Given data:

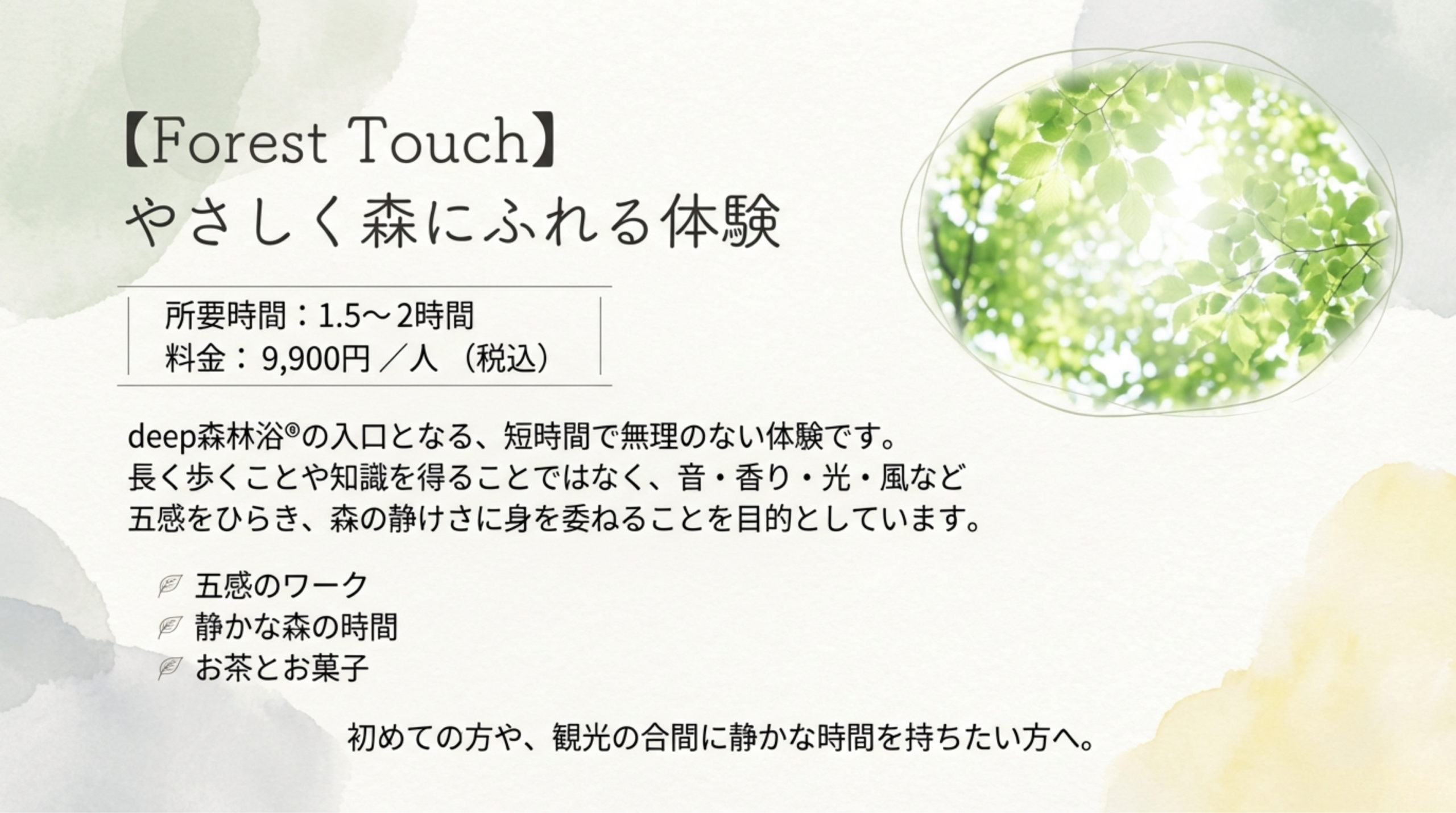 特徴: 観光の合間に静かな時間を持ちたい方や、初めての方に最適な入門プログラムです 。
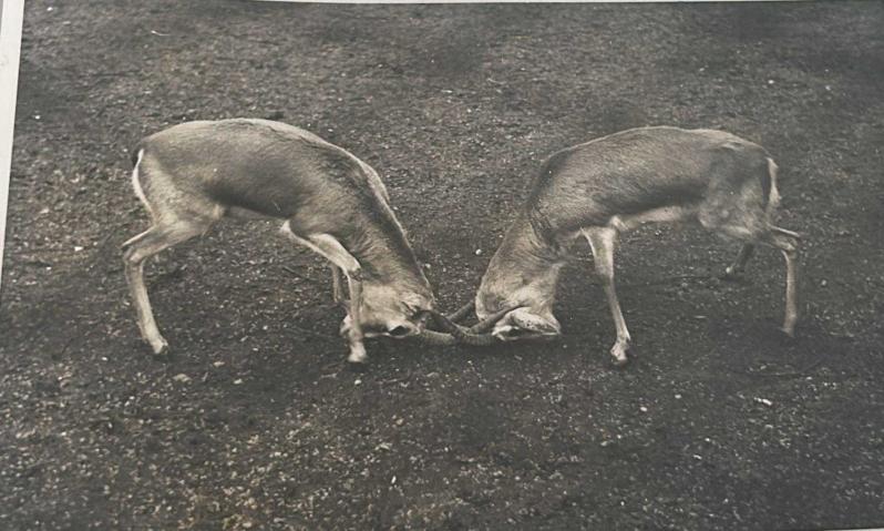 İki genç geyiğin birbirleriyle boynuz tokuştururken çekilmiş olan fotoğrafı.ORJİNAL SİYAH & BEYAZ 17x12cm EBADINDA - 1940'LAR, 1950'LER, 1960'LAR ve 1970'LER, en son 9 ay önce güncellenmiştir.
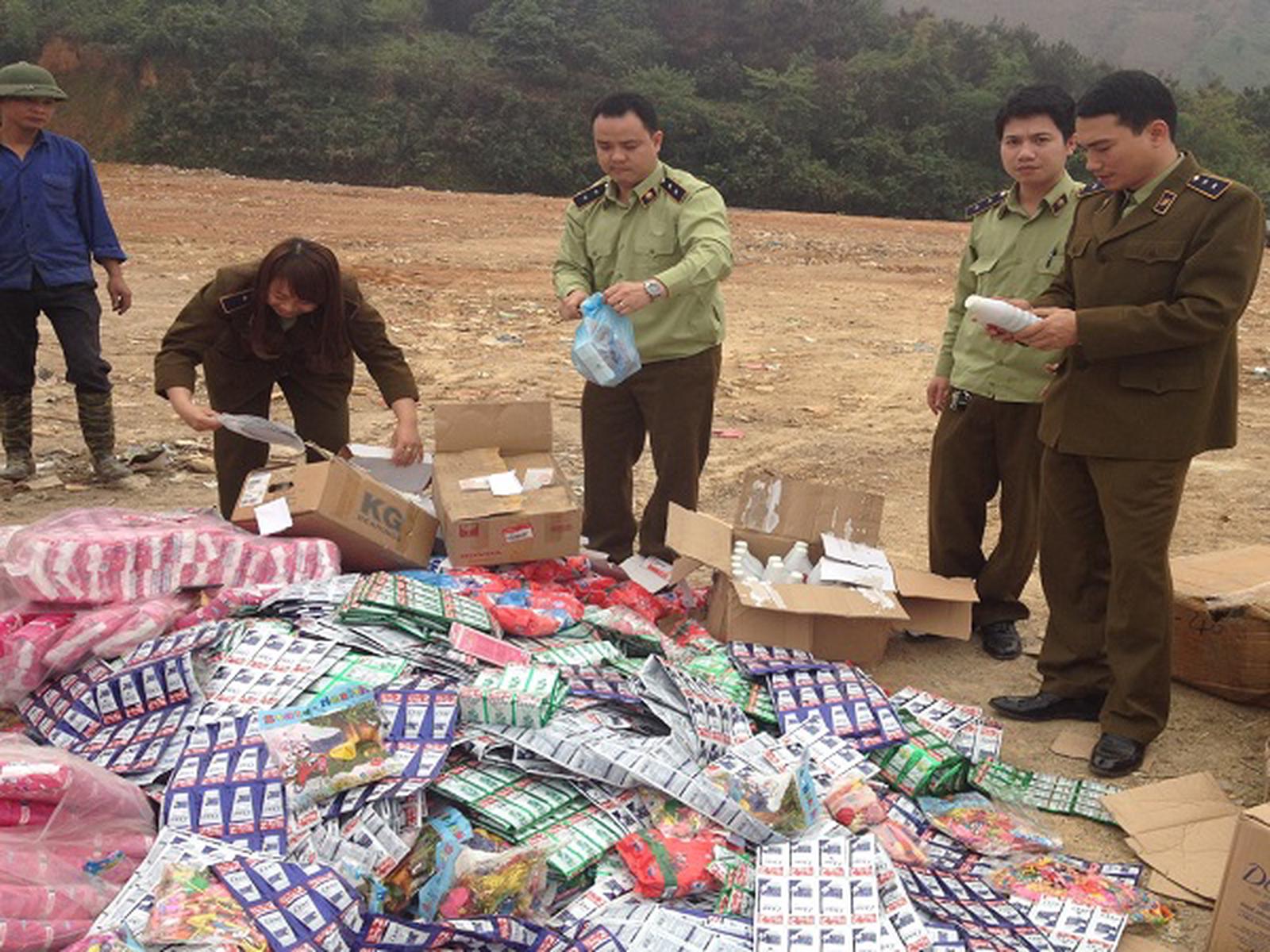 Cục qQuản lý thị trường tỉnh Lào Cai tiêu hủy hàng hóa không rõ nguồn gốc. Ảnh: TQ
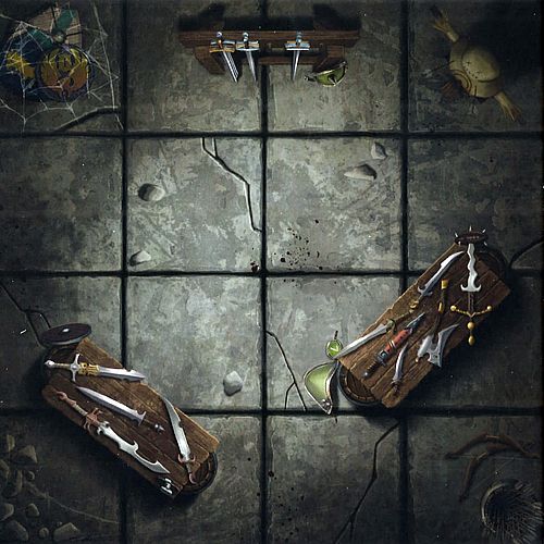 Bien qu'il n'y ait pas besoin d'armes au Blood Bowl, essentiellement car un bon match est déjà bourré de violence, certains donjons conservent une armurerie couverte de poussière. Si un joueur trébuche et tombe en ces lieux, il a une chance d'atterir sur une lame au tranchant assez affûté pour lui causer de sérieux dégâts !

Task goal: Where a picture appears, skip it; repeat everything else in the data exactly.

Solution for this problem:
 特徴: 観光の合間に静かな時間を持ちたい方や、初めての方に最適な入門プログラムです 。
 İki genç geyiğin birbirleriyle boynuz tokuştururken çekilmiş olan fotoğrafı.ORJİNAL SİYAH & BEYAZ 17x12cm EBADINDA - 1940'LAR, 1950'LER, 1960'LAR ve 1970'LER, en son 9 ay önce güncellenmiştir.
 Cục qQuản lý thị trường tỉnh Lào Cai tiêu hủy hàng hóa không rõ nguồn gốc. Ảnh: TQ
 Bien qu'il n'y ait pas besoin d'armes au Blood Bowl, essentiellement car un bon match est déjà bourré de violence, certains donjons conservent une armurerie couverte de poussière. Si un joueur trébuche et tombe en ces lieux, il a une chance d'atterir sur une lame au tranchant assez affûté pour lui causer de sérieux dégâts !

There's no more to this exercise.